13

Depending on the environment and compiler settings, the type char can be signed or unsigned by default, which means the range of values for single character constants on 8-bit 2s complement systems can be either -128..127 or 0..255.

In the ubiquitous ASCII character set, its ISO-8859-X extensions or the UTF-8 encoding, upper- and lowercase letters as well as digits have values below 127.

But such is not the case with the EBCDIC character set:

'A' is 0xC1, 'a' is 0x81 and '1' is 0xF1.

Since these value are above 127, does it mean the type char must be unsigned on 8-bit EBCDIC systems? Or can 'a', 'A' and '1' have negative values?

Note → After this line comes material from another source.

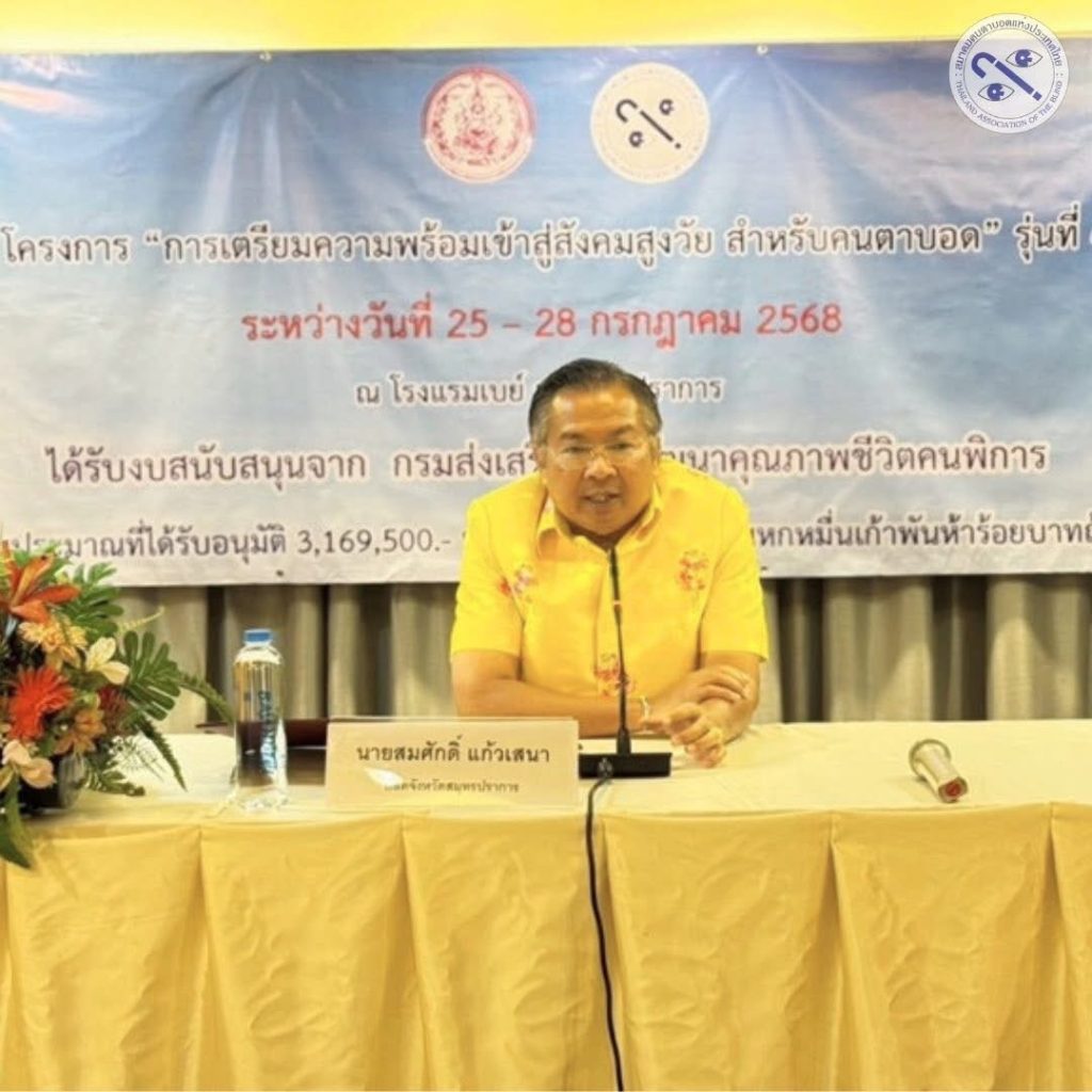 สมาคมคนตาบอดแห่งประเทศไทย จัดโครงการ “การเตรียมความพร้อมเข้าสู่สังคมสูงวัย สำหรับคนตาบอด” รุ่นที่ 4 ระหว่างวันที่ 25 – 28 กรกฎาคม 2568 ณ โรงแรมเบย์ จ.สมุทรปราการ

What about other character sets? Can the letters or digits ever have negative values?

chqrlie
  • 131,814
  • 10
  • 121
  • 189
  • 3
    Possible duplicate of [Is char signed or unsigned by default?](https://stackoverflow.com/questions/2054939/is-char-signed-or-unsigned-by-default) – r3mainer Jul 15 '17 at 21:47
  • 6
    @squeamishossifrage: not a duplicate at all. I'm asking something much more precise than the question in reference. – chqrlie Jul 15 '17 at 21:57
  • chars are either signed or unsigned. If they're unsigned, then they're always positive. If not, then char values with the top bit set are negative. – r3mainer Jul 15 '17 at 21:59
  • 5
    @squeamishossifrage: I am well aware of this regrettable fact. I'm asking if we can always assume `'a' > 0`, especially on EBCDIC systems where `'a'` has the 8-bit encoding `1000 0001`. – chqrlie Jul 15 '17 at 22:02
  • 3
    @chqrlie "basic execution character .... guaranteed to be nonnegative.". was the cite I was looking for [here](https://stackoverflow.com/questions/45104764/relationship-between-char-and-ascii-code/45104867#comment77184210_45104867). Nice Q & A. – chux - Reinstate Monica Jul 15 '17 at 23:58
  • 3
    @chux: thank you for the suggestion. This question was too subtile for a Saturday evening I guess. – chqrlie Jul 16 '17 at 00:03
  • @Peter: the point of this question is exactly this! There is such a guarantee in the C Standard, and has been for a while. See the accepted answer for details. Also `char` values and character constants outside the execution character set should be cast to `(unsigned char)` when passed to `isalpha()`, `isalnum()`... because these functions have undefined behavior for negative values (except `EOF`). – chqrlie Jul 16 '17 at 09:05

1 Answers1

14

C99 states that:

6.2.5 Types

An object declared as type char is large enough to store any member of the basic execution character set.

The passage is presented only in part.